Em sentido estrito, sem embargo, prevenir o delito é algo mais − e também algo distinto − que dificultar seu cometimento ou dissuadir o infrator potencial com a ameaça do castigo. Sob o ponto de vista ‘etiológico’, o conceito de prevenção não pode se desvincular da gênese do fenômeno criminal, isto é, reclama uma intervenção dinâmica e positiva que neutralize suas raízes, suas ‘causas’. A mera dissuasão deixa essas raízes intactas. De outro lado, a prevenção deve ser contemplada, antes de tudo, como prevenção social, isto é, como mobilização de todos os setores comunitários para enfrentar solidariamente um problema social. A prevenção do crime não interessa exclusivamente aos poderes públicos, ao sistema legal, senão a todos, à comunidade inteira. Não é um corpo estranho, alheio à sociedade, senão mais um problema comunitário. (GARCÍA- PABLOS DE MOLINA; GOMES, 2000, p. 334).

Programas baseados no modelo de prevenção comunitária enfatizam a necessidade de desenvolver novas formas de polícias locais. Propõe a substituição dos modelos tradicionais, estilo militar, por outras polícias de base comunitária (community policing) e controladas democraticamente. O conceito de comunidade nessa orientação e programas apresenta-se como um recurso simbólico para o controle social contemporâneo.

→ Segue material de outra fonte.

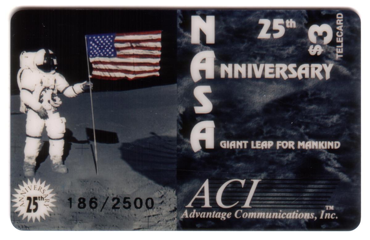 Overall, this phone card is a tribute to American history in space flight and NASA’s legacy. It captures key elements of the Apollo 11 mission by featuring Neil Armstrong and the American flag in a space setting that connects to the 25th anniversary of the Moon landing.

Das quatro formas de ver a criminalidade, suas causas e os respectivos modos de prevenção e de sugestão de políticas públicas (clássica, criminologia empírica, de prevenção e comunitária), observa-se que a orientação brasileira, em termos de paradigma de controle da criminalidade, combina elementos da visão clássica, da visão da criminologia empírica e da visão de prevenção.

Destaca-se o fato de o crime ser compreendido como externo à sociedade, praticado por determinados grupos (só o controle social via criminalização das comunidades pauperizadas é praticado), e o poder dissuasório deve ser dirigido para esses setores da sociedade, porque o crime é produto derivado de determinados meios ambientes, justificando a atuação sobre as oportunidades para o cometimento do delito. Essas afirmações preliminares sobre o controle do crime no Brasil, as políticas públicas e instituições coercitivas foram o ponto de partida para a discussão do funcionamento das polícias no Brasil e das tentativas de reforma que tentaram mudar seus procedimentos de atuação.